Caiu a noite – e Lula não se entregou à Polícia Federal. Ele dispensou a “gentileza” do representante maior da República das Togas, o paladino juiz Sergio Moro. O magistrado que virou santo para muita gente parece ter tentado uma pegadinha, mas não contava com a estratégia emergencial do velho sapo barbudo. O que parecia inevitável ao longo da sexta-feira, agora está praticamente descartado. Há certa perplexidade na cobertura da imprensa.

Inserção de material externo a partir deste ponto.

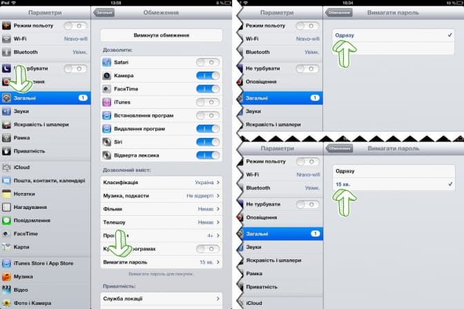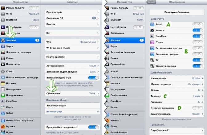 Щодо покупок: щоб повністю відключити функцію купівлі, вимикають відповідні параметри для iTunes Store, iBooks Store, а також вже згадані обмеження «Установки програм» та «Купівлі у програмах».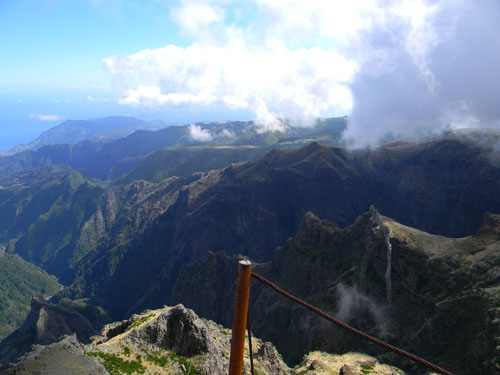 Ensimmäisen viikon leikimme turistia, vuokraamme auton (köyhinä veneilijöinä vuokraamme auton netissä ja haemme lentokentältä, paljon halvempaa kuin suoraan satamasta vuokrattuna) kolmeksi päiväksi ja ajelemme saarta ristiin rastiin. Madeira on todella mäkinen saari, jossa kaikki mahdollinen tila on hyödynnetty pengertämällä viljelyksille, rakennuksille tai autoteille. Nykyään suurin osa teistä kulkee tunneleita pitkin, ajellessa mietimme, miten reikäinen tämä saari tunneleineen onkaan. Saaren itäpää, jossa satamamme on, on selvästi kuivempi ja karumpi, mutta heti rannalta sisämaahan päin löydämme vihreyden ja vehreyden. Saaren korkeimmat vuoret ovat Pico Ruivo (1 862 m), Pico das Torres (1 851 m) ja Pico do Areeiro (1 818 m), joista matalimmalle kurvaamme autolla aikomuksenamme kävellä ylhäällä polkua pitkin Pico Ruivolle. Ylös ajaessa tie kiemurtaa vuorenrinnettä serpentiininä, kasvillisuus muuttuu pohjoismaisen oloiseksi, lehtipuissa on jopa ruskan värit. Huipulle päästäksemme ajamme pilven läpi, harvemmin sitä näin ylhäällä ollaan. Perillä on melko kylmä, onneksi mukana on pitkähihaista vaatetta. Katselemme mahtavia maisemia ja tietysti valokuvaamme. Tyydymme parkkipaikan läheisyydessä olevaan näköalapaikkaan emmekä lähde vaeltamaan, koska sateinen pilvirintama peittää koko toisen huipun puoleisen rinteen, emme kuitenkaan näkisi mitään varpaitamme pidemmälle.

Vejo analistas de tudo que é lado com as opiniões mais diversas possíveis. Alguns veem na postura de Lula um gesto de afronta à decisão judicial. Outros dizem que não. Afinal, ele não era obrigado a se apresentar voluntariamente em Curitiba. Como diz Moro em seu despacho, isso era uma “opção”. E o ex-presidente abriu mão dessa alternativa. A decisão de Lula não o transforma em foragido, porque ele se encontra em local sabido por todos. A polícia que vá buscá-lo. O quadro é este.
Embora ainda se fale em alguma reviravolta de última hora quanto ao cumprimento efetivo da ordem de prisão, prevalece agora algum consenso de que, se não hoje, o velho Lula entrará na cadeia curitibana ao longo do sábado. Nunca uma determinação para prender alguém provocou um cenário como o que temos até esta noite. Enquanto isso, Lula aparece na janela, acena para a multidão e, em seguida, desaparece dentro do prédio. A plateia não para de aumentar por lá.
Como se sabe, Lula está na sede do Sindicato dos Metalúrgicos de São Bernardo, em São Paulo. É o palco histórico das greves que balançaram a ditadura militar no fim da década de 1970. Por causa de sua militância como presidente da entidade naqueles tempos, o então líder dos operários foi preso em 1980 pelo regime totalitário que jogou o país nas trevas por mais de duas décadas. É evidente que os dias são outros. Mas a simbologia não pode ser esquecida.
Certamente com isso na cabeça, o homem que transformou o Brasil em oito anos, nos dois mandatos presidenciais, sabe que patrocina mais uma jogada no campo da política. É legítimo. Para quem já solta berros de histeria quanto a uma afronta à Justiça, vale lembrar: todo o processo conduzido por Moro é uma antologia de abusos e arbitrariedades contra o ex-presidente. E ao violar preceitos básicos processuais em um caso, o magistrado agride na verdade a todos.
Lula, penso eu diante do que está ocorrendo agora enquanto escrevo, age com legitimidade e sem afronta às instituições. Ninguém pode ser coagido a abrir mão de estratégias em defesa de sua liberdade – bem maior e insofismável de todo homem. Será preso. Mas, como disse o advogado Roberto Batochio, seu cliente não vai ao matadouro de cabeça baixa. O que temos: a história do Brasil vai escrevendo diante de nós um capítulo cujo ineditismo chama atenção mundo afora.